The Broadcasting Authority of Zimbabwe chief executive officer Obert Magunyura has since made it public that they have entered into an agreement with a Chinese company, Huawei, for the sourcing of the digital broadcasting equipment and supply of top set boxes.
Media, Information Communication and Technology Parliamentary Portfolio Committee member Kindness Paradza said government confirmed the acquisition of the top set boxes.
“The government has acquired 400 000 top set boxes from Huawei which will be sold to households at $20 apiece for them to be able to receive ZBC signal,” Paradza said.
However, it remains unclear how the licence fee regime will be implemented now that there would be two classes of the audience, those with digital reception and those who will remain on analogue until the whole country is digitised.
Nyoni said the government should come out clearly on these matters to the members of the public.
“The country remains in the dark as to what will happen.
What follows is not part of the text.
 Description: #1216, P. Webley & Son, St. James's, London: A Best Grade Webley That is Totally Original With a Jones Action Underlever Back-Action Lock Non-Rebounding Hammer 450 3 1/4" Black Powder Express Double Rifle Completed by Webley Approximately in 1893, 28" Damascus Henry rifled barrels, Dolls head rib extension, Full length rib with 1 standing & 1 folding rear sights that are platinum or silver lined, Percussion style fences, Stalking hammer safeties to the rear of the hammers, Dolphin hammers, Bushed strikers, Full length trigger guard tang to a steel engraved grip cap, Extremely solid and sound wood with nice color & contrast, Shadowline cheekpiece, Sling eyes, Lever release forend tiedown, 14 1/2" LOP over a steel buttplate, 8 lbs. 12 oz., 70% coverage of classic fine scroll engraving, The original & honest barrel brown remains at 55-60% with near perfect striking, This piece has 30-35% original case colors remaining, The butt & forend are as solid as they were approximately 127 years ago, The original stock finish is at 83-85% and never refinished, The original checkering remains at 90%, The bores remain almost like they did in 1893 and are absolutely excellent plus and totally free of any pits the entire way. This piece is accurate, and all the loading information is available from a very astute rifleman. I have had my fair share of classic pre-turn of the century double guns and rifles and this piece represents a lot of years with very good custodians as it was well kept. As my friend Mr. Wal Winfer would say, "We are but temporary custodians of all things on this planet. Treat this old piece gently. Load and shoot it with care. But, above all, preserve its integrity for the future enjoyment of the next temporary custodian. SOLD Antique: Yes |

Will those remaining on analogue still be forced to pay for ZBC licences or will those who migrate to digital be asked to pay a monthly subscription, and if so, how much?” she asked.
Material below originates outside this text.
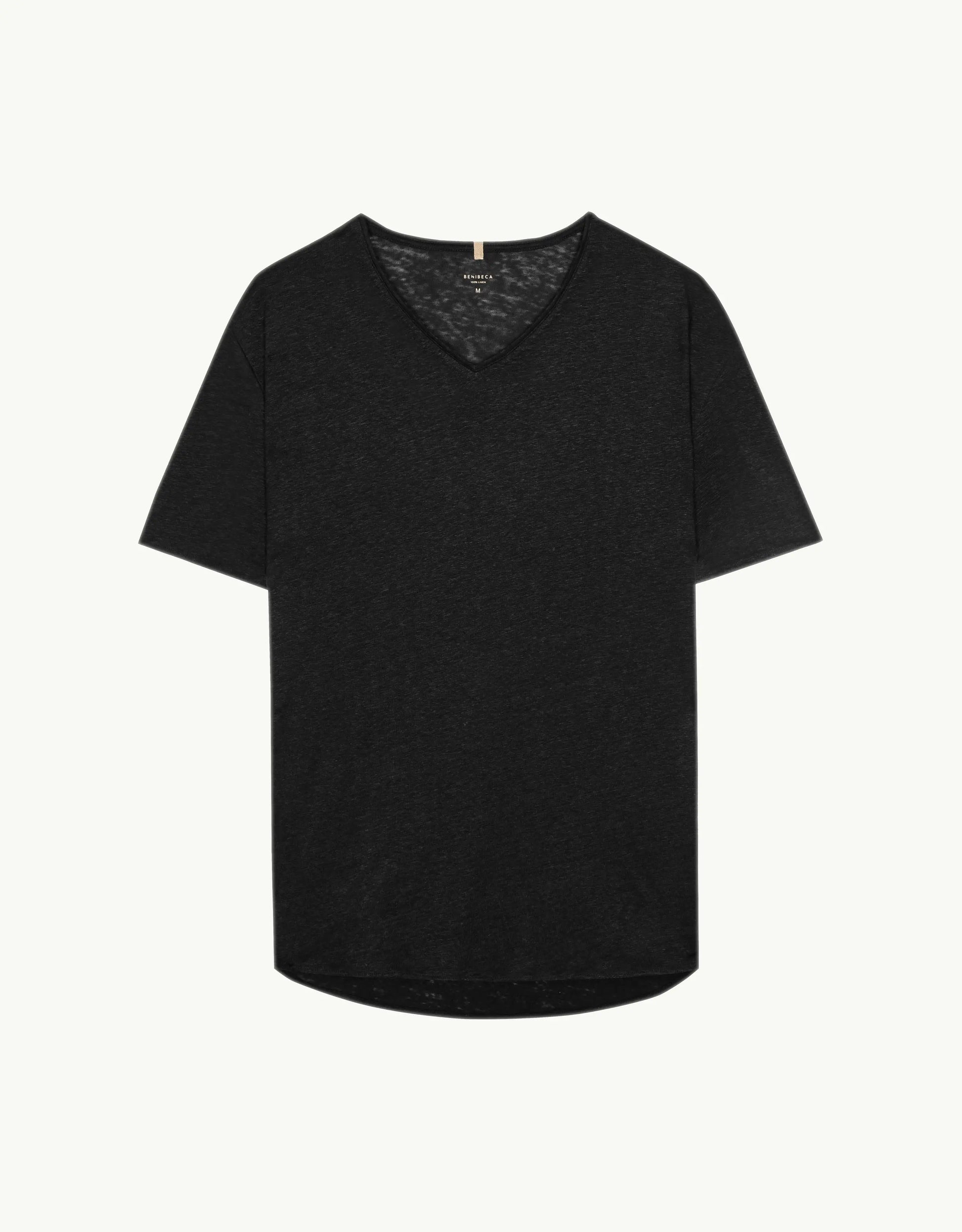 V-NECK LINEN NERO

The KMPG audit report on ZBC that also looked into digitisation says: “Conditional access will only allow pay TV for both ZBC and private broadcasters and the spectrum manager will collect subscriptions and remit them to the various broadcasters at the pre-agreed rates.”
It then suggested: “The $3 dollars [monthly] is a basic viewers’ fee for all viewers that entitles them to watch two basic ZBC channels.”
Nyoni however criticised the government for implementing the digitisation project without informing the general public on the processes.
“In other countries like Mozambique, it had massive publicity and awareness campaigns to inform the public about the processes and what they should do if they have to continue receiving signals,” she said.
With slightly over three weeks before the migration, the Zimbabwean public has no idea what is happening as the government plods along without caring to communicate. It remains to be seen how smooth the crossover will be.
According to BAZ, the digitisation process will see the setting up of High Definition (HD) television studios, five radio transmission studios, six digital content production facilities, satellite signal distribution, six national FM transmission networks, as well as a conditional access system and subscriber management receiver control.